__Exercise requirements__:
When you transcribe the lines below, keep every word the same and leave the pictures behind.

__Recorded information__:
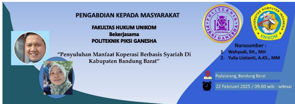
Gambar 1. Spanduk kegiatan PKM

Penyuluhan tentang manfaat koperasi syariah menjadi langkah strategis untuk meningkatkan literasi keuangan syariah di masyarakat. Literasi keuangan syariah tidak hanya mencakup pemahaman tentang produk dan layanan keuangan syariah (Suprianto & Rusdi, 2024), tetapi juga tentang nilai-nilai dan prinsip-prinsip yang mendasarinya. Dalam konteks koperasi syariah, literasi ini mencakup pemahaman tentang konsep bagi hasil, transparansi, keadilan, serta tanggung jawab sosial (Bakar & Husnan, 2021). Dengan pemahaman yang baik, masyarakat dapat memanfaatkan koperasi syariah secara optimal, baik sebagai sumber pembiayaan, sarana investasi, maupun sebagai wadah untuk meningkatkan kesejahteraan bersama.
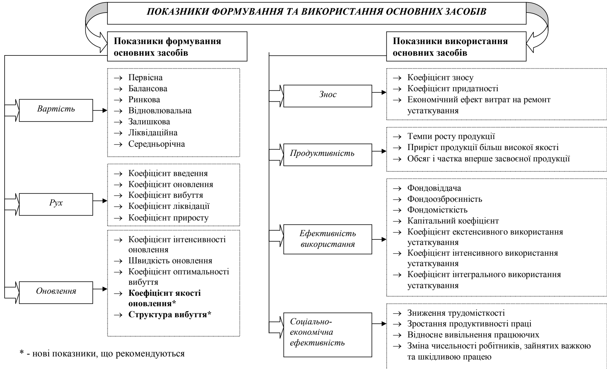
Рис. 1. Система показників формування та використання основних засобів

__Result for this exercise__:
Gambar 1. Spanduk kegiatan PKM

Penyuluhan tentang manfaat koperasi syariah menjadi langkah strategis untuk meningkatkan literasi keuangan syariah di masyarakat. Literasi keuangan syariah tidak hanya mencakup pemahaman tentang produk dan layanan keuangan syariah (Suprianto & Rusdi, 2024), tetapi juga tentang nilai-nilai dan prinsip-prinsip yang mendasarinya. Dalam konteks koperasi syariah, literasi ini mencakup pemahaman tentang konsep bagi hasil, transparansi, keadilan, serta tanggung jawab sosial (Bakar & Husnan, 2021). Dengan pemahaman yang baik, masyarakat dapat memanfaatkan koperasi syariah secara optimal, baik sebagai sumber pembiayaan, sarana investasi, maupun sebagai wadah untuk meningkatkan kesejahteraan bersama.
Рис. 1. Система показників формування та використання основних засобів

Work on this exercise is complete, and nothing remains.